If any one of those pieces breaks, the whole transit plan can collapse. This is why 240-hour transit is not a good route for travelers who are guessing, changing plans on the fly, or relying on a check-in agent to interpret the rule generously.
Who this applies to
This route is for true transit travelers, not for anyone who simply wants a short China vacation without thinking about the onward segment. The NIA notice says travelers must be heading to a third country or region, which means the place after mainland China cannot be the same place they came from.
It also applies only through listed ports and only within the allowed stay areas. The policy became broader in 2025 and 2026, but it is still a geography-specific program rather than a free-form tourist entry.
How the rule actually works
Think of the structure as A -> mainland China -> B, where B is a different country or region from A. Hong Kong, Macao, and Taiwan are treated as separate regions for this purpose. A simple out-and-back to the same country does not qualify as transit without visa.
The 240 hours are not a general national roaming right. You are admitted into designated areas tied to the ports and provinces in the policy notice, and you should not assume you can improvise a cross-country detour that falls outside the allowed region.
What can disqualify you
The biggest disqualifiers are the wrong country pair, no confirmed seat out of China, the wrong entry port, or a passport that does not meet the document-validity rule.
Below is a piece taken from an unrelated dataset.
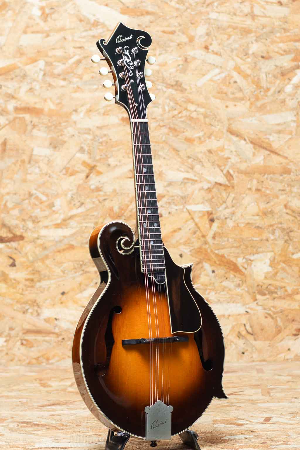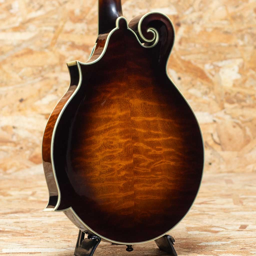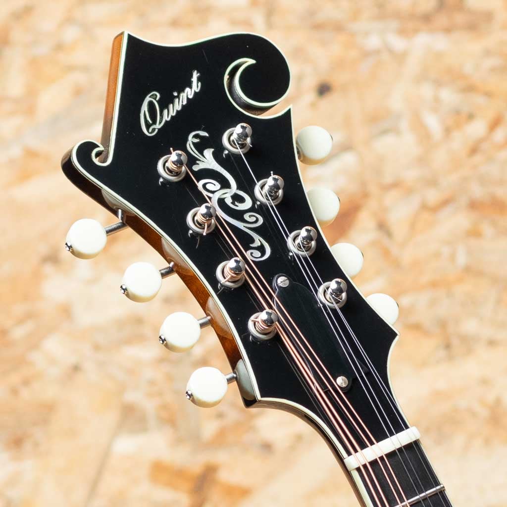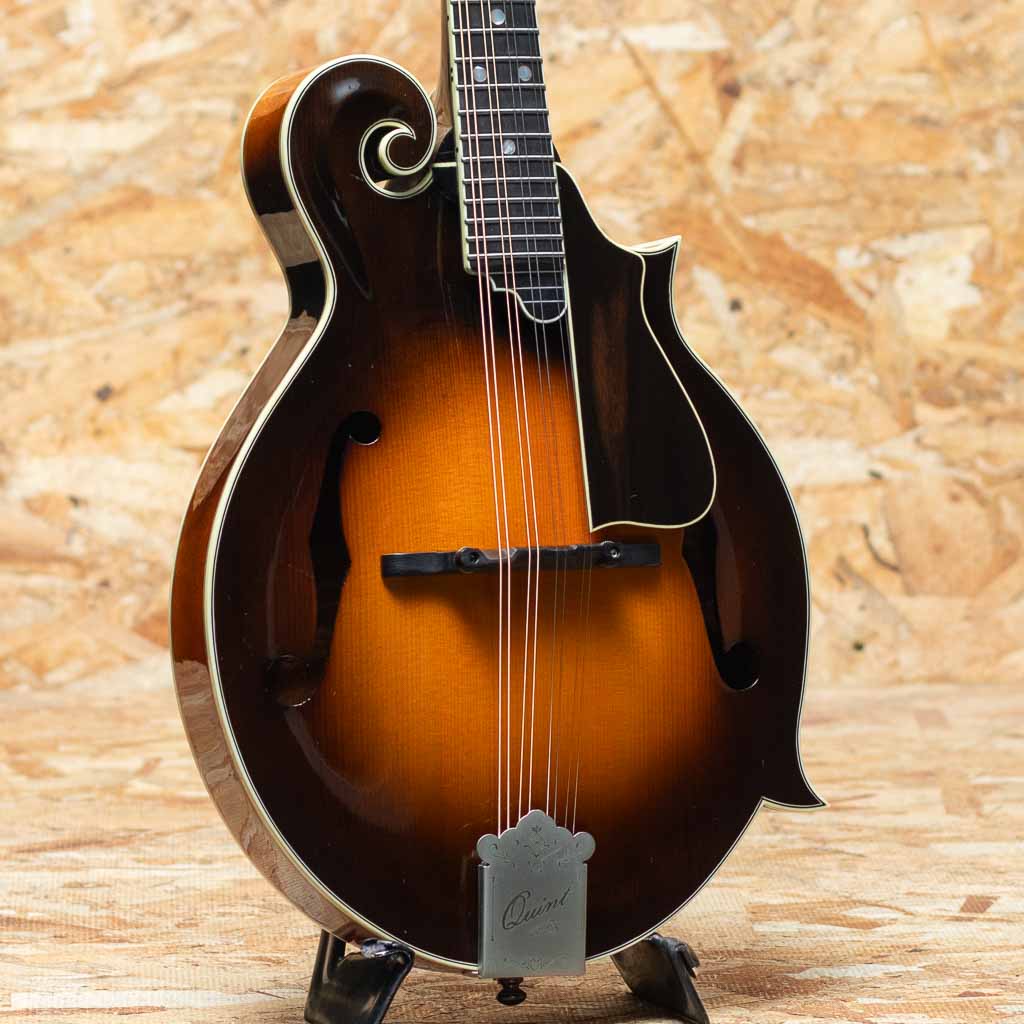 中国のトップルシアーMr.Qin Ji Duoによりハンドメイド製作されるQuint Mandolin。当器はQT-F5 2023年製USED品。プレミアムイタリアンスプルーストップ、プレミアムスイスタイガーメイプルバック、エボニー指板&ブリッジ、後藤ペグ、アイボロイドバインディング、塗装は現在ニトロセルロースラッカーフィニッシュに変更されていますが当個体は変更以前のフレンチポリッシュ仕上げです。手作業による削りだしの美しいアーチドトップ、Radius指板、ミディアムサイズのフレット、オリジナルのフローティングピックガードなど高い工作精度とセンスを感じさせてくれます。ソフトVシェイプネックにRadius指板、指板エンドのスクープ加工と操作性を高めた仕様で大変弾きやすく感じます。全体的に細かな使用キズは見られますが大きなダメージもなくプレイコンディションは良好です。艶感と引き締まった音像で柔らかで輪郭の整った発音、ボリューミーな鳴りで弾きごたえがありブルーグラスはもちろん多様なジャンルで使えるおすすめのフラマンです。グラスファーイバーケース付属

The NIA notice requires a valid international travel document and an interline or onward ticket with specified date and arrangements.
Another failure point is airline interpretation. Some travelers report that separate tickets or unusual routings create extra friction at boarding. Even when immigration would likely accept the plan, the airline may want cleaner evidence before letting you on the aircraft.
What to prepare before booking
Before paying, map the route exactly: arrival port, permitted stay area, onward destination, and departure within the 240-hour window. Then save the current NIA notice and your confirmed onward booking with seat assignment or equivalent ticket evidence.
Carry hotel bookings, local address details, and a copy of the third-country entry basis if that onward destination has its own visa rule. The Chinese transit rule does not solve your eligibility to enter the next place.
What travelers still get wrong
The most common misunderstanding is treating any stop in Hong Kong or any layover elsewhere as automatically good enough. The real test is whether your itinerary forms a genuine transit to a different country or region after mainland China and stays inside the policy geography.
Travelers also forget that this policy is operational, not theoretical. If your itinerary needs a five-minute legal explanation at the airport, you should assume it is too fragile and either simplify the route or get a proper visa.